Niespodziewanie wskoczyłem do TOP3 w Bad Company i nie mogłem wystąpić w dzisiejszym meczu, a za mnie wskoczył Tępy, który potrzebował dodatkowego treningu. Mam nadzieję, że złapał większy luz i to zaprocentuje w lidze. Kolejne cenne doświadczenie złapał Matju, problemy sprzętowe miał nasz debiutant Bejot, stąd tylko trzy biegi dla niego. Duże podziękowania dla mk, który wobec problemów kadrowych zgodził się uzupełnić nasz skład. A Delejt już udał się do kąta na karnego jeżyka, żeby przemyśleć swój dzisiejszy występ… Naturalnie w LR nie jedziemy o wynik, a druga z rzędu porażka 44:46 raczej nie wpłynie na nasze morale.

Matic (Bad Company)

Kolejny raz udowodniliśmy, że stać nas na wiele. Liga rezerw to bardzo fajna inicjatywa, która pozwala na jazdę w nieco luźniejszej atmosferze, bez sięgania do najgłębszych czeluści mózgu i to jak widać nam odpowiada. Ja się musiałem tego dnia nieco rozkręcać, na szczęście końcówka należała do nas. Cel na kolejne mecze – trochę więcej trójek i będzie dobrze.

Speedi (Champions Team)

Paweu w finale IM. „Zadanie będzie piekielnie trudne”

Paweu jest jednym z zawodników, którzy pojadą w finale Indywidualnych Mistrzostw ISQ. Był jednym z faworytów półfinału i nie zawiódł. Zdobył 13 punktów, choć w głowie miał zupełnie co innego niż żużel.

Trzy godziny przed zawodami dowiedziałem się o śmierci mojej mamy. Przed samym turniejem poprosiłem Matica i Apocalipsa o krótki trening, żeby sprawdzić, czy w ogóle będę w stanie trafiać w odpowiednie klawisze. 13 punktów w takim stanie psychicznym to chyba nie jest zły wynik. Szkoda tylko, że koledzy z Kompanii nie awansowali do finału – powiedział Paweu.

Awans do finału był jednym z celów zawodnika Bad Company. – Ponad cele indywidualne stawiam sukcesy w drużynie, aczkolwiek skłamałbym, gdybym powiedział, że nie zależałoby mi na awansie do finału. W końcu rozstawienie w tej fazie rozgrywek do czegoś zobowiązuje – przyznał.

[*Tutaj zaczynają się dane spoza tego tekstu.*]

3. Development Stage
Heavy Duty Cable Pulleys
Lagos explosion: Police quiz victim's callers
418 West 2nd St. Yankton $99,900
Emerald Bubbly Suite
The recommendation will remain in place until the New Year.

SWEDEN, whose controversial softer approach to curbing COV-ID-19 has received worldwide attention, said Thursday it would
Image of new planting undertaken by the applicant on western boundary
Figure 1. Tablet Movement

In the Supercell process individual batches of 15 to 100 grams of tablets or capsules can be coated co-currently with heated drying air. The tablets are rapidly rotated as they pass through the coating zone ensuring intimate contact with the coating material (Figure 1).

W finale Paweu chciałby stanąć na najwyższym stopniu podium, ale wie, że będzie to bardzo trudne. – Po tym, jak Lezaw bezczelnie orżnął mnie z walki o złoty medal w finale IM ISQ w sezonie ’07, pałam żądzą zwycięstwa. Oczywiście zadanie będzie piekielnie trudne, bowiem jeszcze przed tragicznymi wydarzeniami z tego tygodnia czułem się słabszy od rywali z umownej „potężnej trójki ISQ”. Jakikolwiek medal także jest zagrożony, jeżeli ktoś z niżej notowanych graczy zaliczy „dzień konia” – dodał.

Na koniec zaapelował do quizowiczów i nie tylko. – Rzućcie palenie, a jak ktoś nadal mieszka w domu, gdzie dach jest z domieszką azbestu, wyprowadźcie się z niego albo zróbcie generalny remont. Przez ostatni rok widziałem, jakie spustoszenie w organizmie powoduje rak płuc u stosunkowo młodej osoby. Nawet mistrz ceremonii, który ma wygłosić mowę na pogrzebie mojej mamy stwierdził, że to nie jest czas na umieranie – zakończył.

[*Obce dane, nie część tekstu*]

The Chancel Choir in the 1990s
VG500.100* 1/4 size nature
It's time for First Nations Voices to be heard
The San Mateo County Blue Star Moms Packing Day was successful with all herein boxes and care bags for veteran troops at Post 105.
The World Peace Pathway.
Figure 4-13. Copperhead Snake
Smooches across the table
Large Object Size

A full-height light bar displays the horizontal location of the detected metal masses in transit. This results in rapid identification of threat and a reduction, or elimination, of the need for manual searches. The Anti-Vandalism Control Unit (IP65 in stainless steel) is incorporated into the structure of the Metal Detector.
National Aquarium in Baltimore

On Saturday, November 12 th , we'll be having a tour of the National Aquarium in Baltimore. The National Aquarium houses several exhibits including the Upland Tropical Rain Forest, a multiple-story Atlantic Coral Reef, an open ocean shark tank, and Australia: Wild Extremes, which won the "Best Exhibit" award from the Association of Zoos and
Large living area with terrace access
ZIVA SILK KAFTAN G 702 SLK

2:10 nową tradycją Bad Company? „Nie wiem, co na to nasz trener”

Po raz drugi z rzędu Bad Company rozpoczęło mecz od dwóch porażek 1:5. Po dwóch biegach było zatem 10:2 dla rywali, ale i tak Bad Company odnosiło wysokie zwycięstwa.

Czy to już nowa tradycja Bad Company? – Haha, na to wychodzi. Tak zaczęliśmy ostatnie dwa mecze. Znamy jednak swoją wartość i raczej nie spowodowało to większej paniki w naszych szeregach. Jeżeli te mecze mają się kończyć naszymi zwycięstwami, to dla mnie zawsze możemy zaczynać od wyniku 2:10. Nie wiem tylko, co na to nasz trener – powiedział Apocalips.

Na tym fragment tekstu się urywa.